Late Breaking: Trump Nukes Trade Negotiations After Canada Creates Fake Reagan Recording to Create Attack Ad Targeting US Policy

President Donald J. Trump has halted ongoing trade discussions with Canada after Ottawa aired an aggressive, misleading television ad attempting to weaponize the legacy of President Ronald Reagan against U.S. tariff policy.

The ad, reportedly funded at $75 million Canadian ($53.5 million U.S.), used audio of the late President Reagan criticizing tariffs — but without approval from the Ronald Reagan Foundation, which confirmed the audio had been manipulated and deployed without authorization. According to the reporting, the advertisement was planned to run on Newsmax and Bloomberg in the United States before being rolled out more broadly over the next two weeks.

Trump, who has made fair trade and economic sovereignty central pillars of his second-term agenda, blasted the stunt in a forceful statement on Truth Social late Thursday.

“The Ronald Reagan Foundation has just announced that Canada has fraudulently used an advertisement, which is FAKE, featuring Ronald Reagan speaking negatively about Tariffs. The ad was for $75,000,000.”

He continued:

“They only did this to interfere with the decision of the U.S. Supreme Court, and other courts. TARIFFS ARE VERY IMPORTANT TO THE NATIONAL SECURITY, AND ECONOMY, OF THE U.S.A.”

The president left no room for ambiguity about consequences:

“Based on their egregious behavior, ALL TRADE NEGOTIATIONS WITH CANADA ARE HEREBY TERMINATED.”

The move comes just days after Canadian Prime Minister Mark Carney boasted that Canada would shift its export priorities toward other nations in retaliation for U.S. tariffs — a threat that may have sounded tough in Ottawa, but holds little real-world leverage. The United States is overwhelmingly Canada’s largest trading partner, accounting for over 76.9% of Canadian exports. If the U.S. market vanished, Canada’s economy would collapse virtually overnight.

For context, more than 85% of trade between the two nations is already tariff-free. Where tariffs do apply, the U.S. imposes an average rate of just 5.6%, the lowest Canada receives from any major partner. Contrary to globalist talking points, Trump’s tariff policies have not been protectionist for protectionism’s sake — they have been a tool to restore equilibrium in trade relationships long structured to America’s disadvantage.

Attempts to undermine Trump’s tariff strategy by selectively quoting Reagan are misleading at best. Reagan did champion the ideals of free trade, but he also emphasized that trade must be fair — and supported using tariffs when foreign countries manipulated markets or exploited American industry. His position, in other words, was far closer to Trump’s than to Canada’s.

The Canadian advertisement’s deliberate context-stripping was not a historical argument. It was propaganda — and foreign interference aimed at influencing U.S. political and judicial outcomes.

Rather than respond with bluster, President Trump responded with power.

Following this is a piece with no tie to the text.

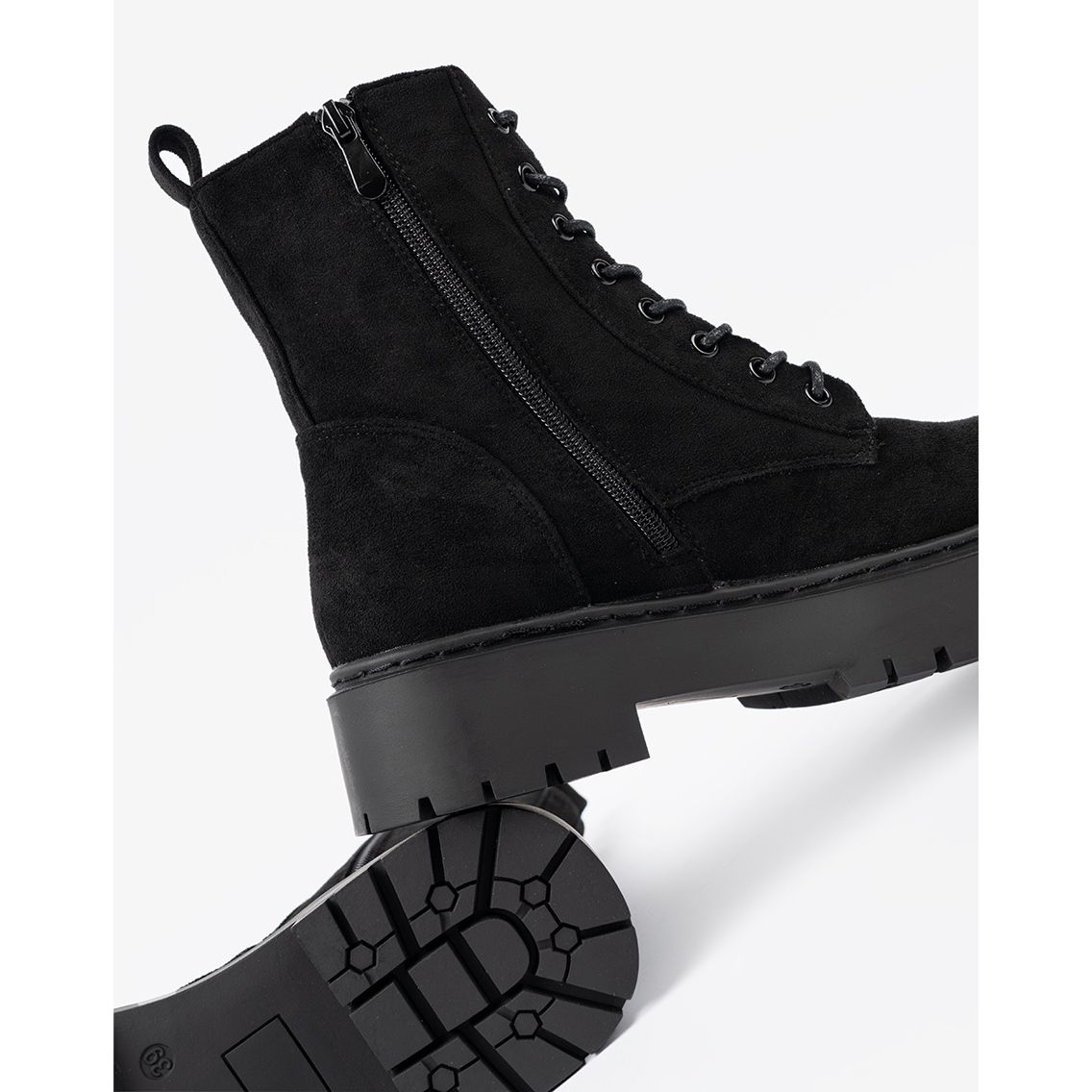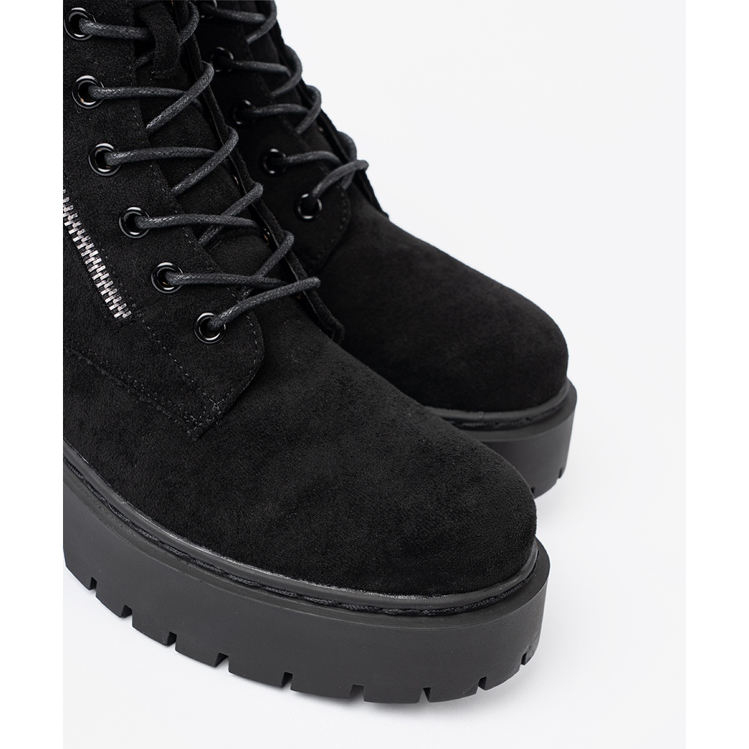 Les trappeurs sont en daim d'imitation de haute qualité, ce qui leur donne un caractère élégant et en même temps décontracté. Le talon est raidi et construit - qui garantit la stabilité et le soutien du pied, et le nez rond offre un confort pendant les longues journées. La hauteur de la tige est de 16 cm, ce qui protège parfaitement la cheville pendant les jours froids.
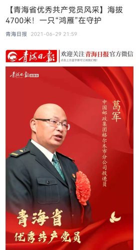 我在想,葛軍接受采訪,是沖著咱《人民日報》的面子?后來,一路同行聊得深了,我才知道葛軍早已是媒體的常客,也是見過大陣仗的:作為郵政系統的先進典型,他榮獲過“全國五一勞動獎章”“中國青年五四獎章”“青海省優秀共產黨員”,早在2017年就曾接受過一眾央媒的采訪,浩浩蕩蕩幾輛采訪車,跟著他的郵車從格爾木一路開到了唐古拉,好不風光。

America has learned from history: great nations falter when they outsource their strength, dilute their identity, and allow foreign pressures to dictate domestic policy. Trump’s move signals that the United States will not follow the path of once-great empires that crumbled under complacency, open-border ideology, and globalist appeasement.

The message to Canada — and to the world — is unmistakable:

The United States will remain the world’s leading economic power on its own terms, not by permission of weaker nations dependent on American prosperity.